Pruning Street Trees--Permit?

guymayor

Branched out member
Location
East US, Earth
Property owners have ownership over the earth below--as Jed Clampett happily found out--and the sky above. If that sky includes branches from a tree that originates elsewhere, we can prune them as long as we do not harm the trunk owner's property in that tree.

But what about street trees? Some cities try to prevent land owners from having the overarching branches of street trees pruned by anyone but the city crews. Permits are sometimes required.

Is this legal? Constitutional? Who prunes street trees in your city?
 
Our crews do most of the time. Either in routine cycles or when a resident calls in to ask

If the resident wants a tree service to do the work they have to get a free permit. A formality so that someone In Forestry knows who is doing the work

After all, in Minneapolis the trees within the easemant belong to the whole city not the resident
 
Hey Guy,
I can speak for the street trees of Durham NC. We dont want anyone touching them with out first demonstrating the knowledge, ability, and intent to properly care for the tree. As said above, the street tree belongs to every one, not just the adjacent property owner.
That being said, utility pruning is unfortunately not this cut and dry.
On a side note, I would love to pick your brain about applying retrenchment principles to our mature Quercus phellos population.
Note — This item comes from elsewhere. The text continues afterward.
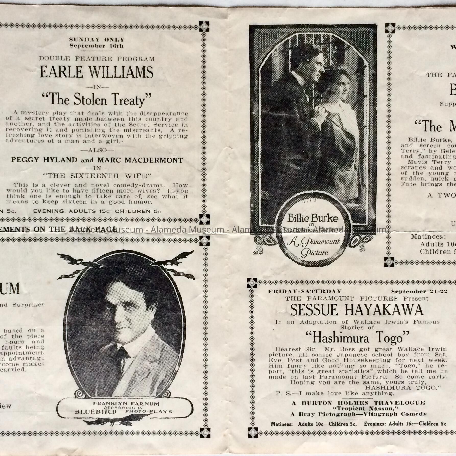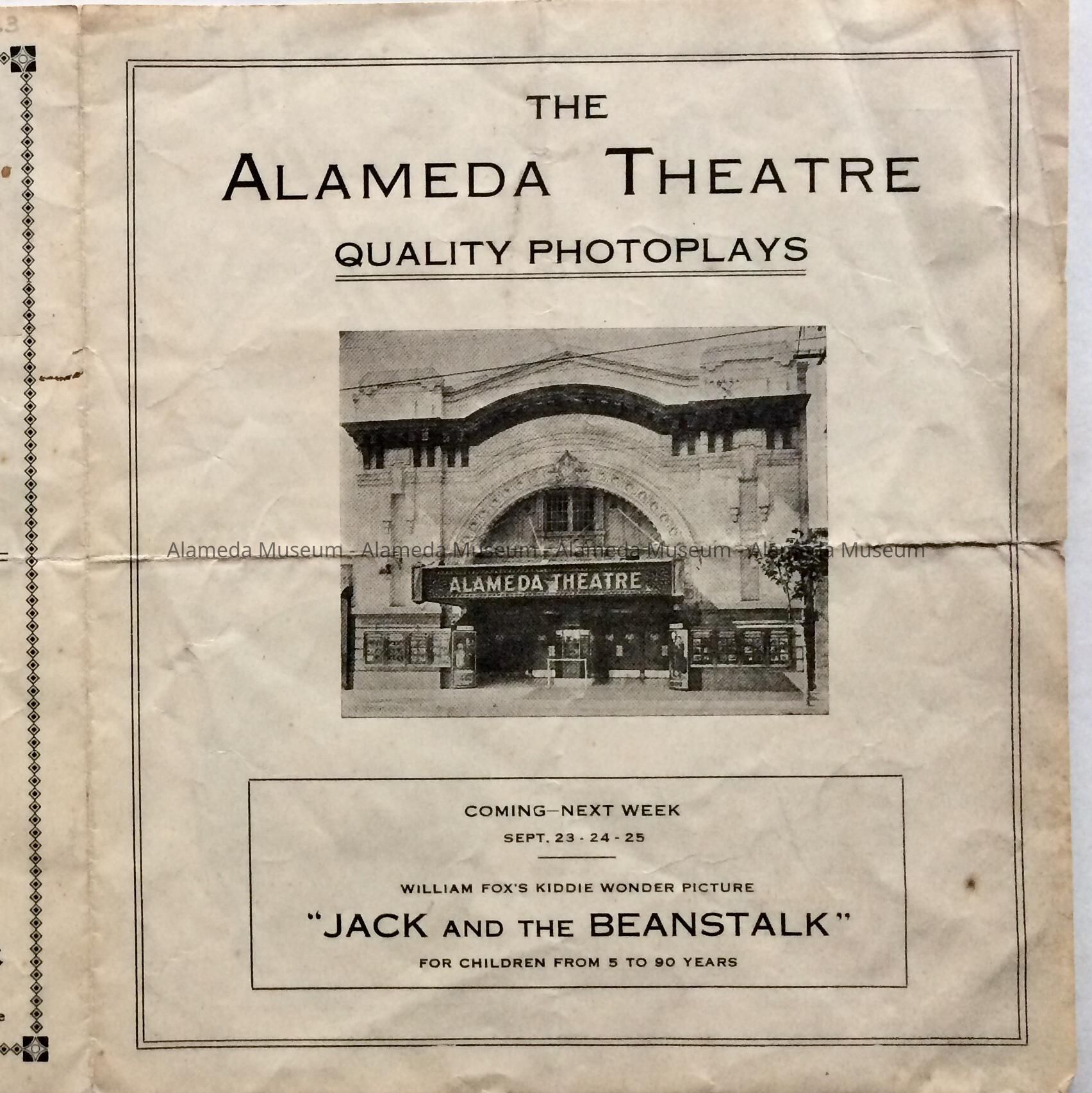 Program for coming attractions of silent movies to be shown at the Alameda Theater, corner of Santa Clara and Park Street. The building is still standing.

I have lots of questions. Let my know if I can buy you lunch sometime in Durham.
 
In CA everywhere I was aware of, it used to be the city that owned and maintained the street trees.

At some point the stroke of a pen shifted responsibility for maintenance over to the home owner - all the way down to replacing sidewalks that are lifted by roots. One man on a curved cul-de-sac paid $9,000 to have 'everyones' sidewalk rebuilt.

You can bet his street tree was gone first.
 
North eastern ohio chiming in....many cities are happy to hear/allow the homeowner to have the trees trimmed...removal only after someone comes out and signs off on it...normally not a tree guy either...few cities around here have a forestry department anymore.
 
Portland is smart with that 6" limit. Should be SOP.IMG_3425 (Small).webp


Here's a pic of a rotting 10" wound caused by a utility V-cutting an old tree that had been traditionally U-cut. On their next trip they cleaned out the V real nice by whacking that nasty 4" sprout, ensuring that the rot will spread. This leader hangs over a house. The city allows this cutting of the base of the leader, but is all over controlling what happens to the end of it.